Scarlett Johansson (“The Avengers”) plays Lucy, a completely normal human who accidentally absorbs a whole lot of some drug that makes her superhuman. The plot feels similar to 2011’s “Limitless”, except Johansson makes Bradley Cooper’s character look like a chump. The emotionally muted Lucy recalls Johansson’s cold-blooded Black Widow from “Iron Man 2”, before she started joking about relationships with Captain America.

Like the gangsters and guns, the drugs serve merely as a far-fetched excuse to grant Lucy the powers of a god. “Lucy” wants to show viewers that boundaries exist only in the mind. Thanks to some beautiful special effects work, audience members see the boundaries between Lucy and everything around her slowly eroding. She hears every sound, feels every movement, and remembers every detail. As cool as they sound, these omniscient powers do ruin any chance of suspense. Once Lucy starts pulling bullets out of herself with her bare hands and sending people flying with a flick of her hand, obviously nothing’s stopping her.

The threadbare plot and characters push the film’s focus to its pervasive computer generated images and montages of National Geographic style footage. “Lucy” wants to show its audience literally everything: evolution, history, culture. City crowds scurry to work like insects. Cars pour down highways like blood through a vein. Civilizations rise from ash like galaxies from cosmic dust. “Lucy” wants viewers to take this bombardment of seemingly disconnected images and see the connections between them instead. It wants them to stare in wonder and awe at existence and all its intricacies.

Unfortunately, “Lucy” reaches a bit too far. It takes all the experiences displayed and tries to sum them up with a few words that fall painfully short. The dialogue throughout does little more than exposition. In fact, Prof. Norman (Morgan Freeman, “The Dark Knight”), who possesses no character arc, exists solely for the purpose of explaining the drug’s effects and questioning humanity’s morality as an afterthought. With little development, the character relies completely on the aura of wisdom emanating off Freeman for credibility.

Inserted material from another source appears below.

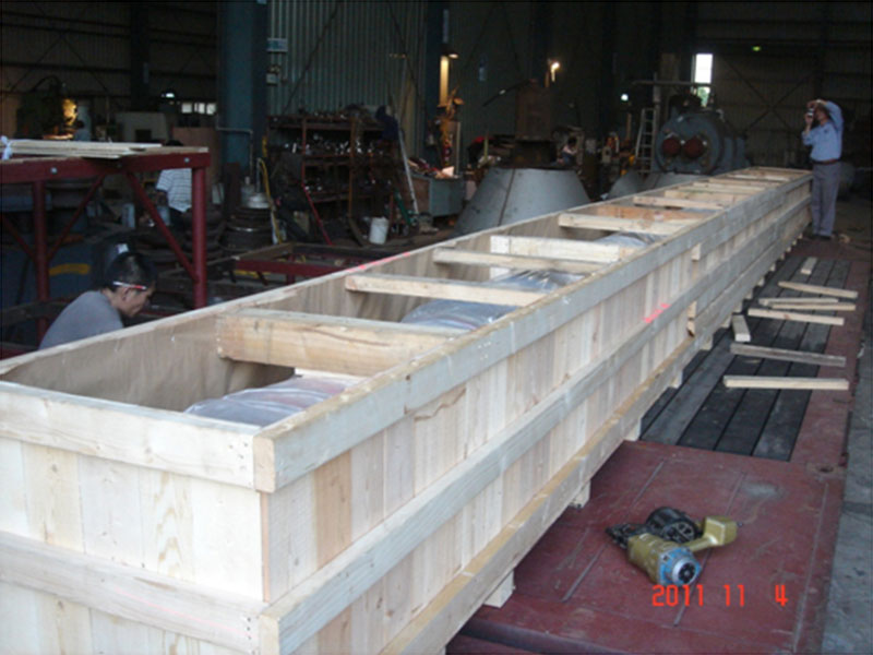 將軸心以木箱包裝並固定,確保軸心安全不受損壞。

“Lucy” lacks substance in her action sequences and suspense in her plotline. Her characters stand thin as cardboard cutouts. However, these are only small pieces of the diorama. Art, science and the extents of human knowledge play the central parts in this film. So just forget the odd mix of pretentious blathering and blockbuster clichés. Sit back. Contemplate the universe’s endless possibilities until your head hurts. Enjoy the sensation of awe.